While Pascucci argues that article 36 is unconstitutional for a variety of reasons, it is unnecessary to reach those questions. Section 36 — 2, as heretofore noted, provides that the State’s Attorney may remit the forfeiture in appropriate circumstances and that he “shall exercise his discretion * * * promptly after notice is given [him] in accordance with Section 36 — 1. If the State’s Attorney does not cause the forfeiture to be remitted he shall forthwith bring an action for forfeiture * * (Emphasis added.) The sheriff notified the State’s Attorney on October 28, the day after the car was turned over to the sheriff. The forfeiture action was not filed until February 8, some 105 days later, although Pascucci had demanded return of the car on December 22. The State urges that the Act contemplates some lapse of time since it requires the State’s Attorney to investigate in order to determine whether remission is appropriate and also emphasizes the fact that the statute had been in force only a short time when the State’s Attorney was notified of the seizure and somewhat greater delay can be countenanced in establishing procedures under a new act than would normally be permissible.
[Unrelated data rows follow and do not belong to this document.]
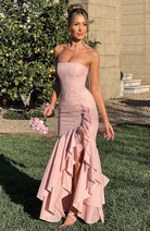 Make a breathtaking entrance with the Strapless Cascade Maxi Dress, where timeless glamour meets modern sophistication. Featuring a sculpted strapless bodice, cascading ruffles, and a daring thigh-high slit, this gown is designed to captivate at every formal event. Confident, striking, and effortlessly refined, it’s your perfect evening statement.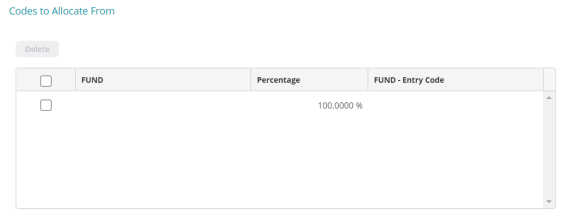 This grid displays the assigned pool codes and general ledger codes to allocate. The selected codes for the pool code and GL account to allocate from will determine the amount that is allocated to the recipient codes (with the exception of the indirect cost method). Selection of substitute entry code(s) and percentages is optional.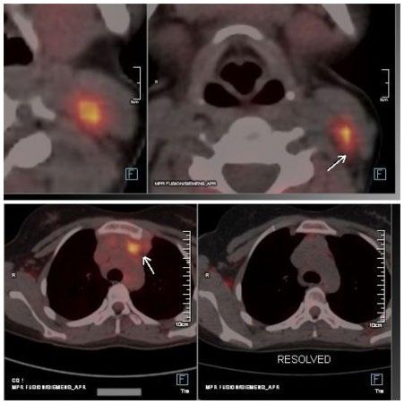 Figure 1: PET-CT image of relapse and response to nivolumab.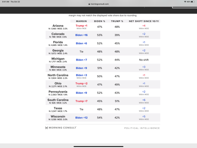 North Carolina, same. I heard that North Carolina is allowed to start counting mail-in votes before Election Day, so the count can happen quickly. Wisconsin and Pennsylvania will be sloooowwww. | |||

It is undoubtedly true that the new statute required investigation, research and realignment of staff. But these considerations dp not justify us in ignoring the specific commands of the statute requiring “prompt” determination of the propriety of remission and, if such action is deemed inappropriate, the filing of forfeiture proceedings forthwith. A delay of 3^ months can scarcely be thought consistent with these statutory commands.
The judgment of the circuit court of Cook County is . accordingly reversed and the cause remanded with directions to dismiss the forfeiture proceedings.
Reversed and remanded, with directions.
Mr. Justice Ward took no part in the consideration or decision of this case.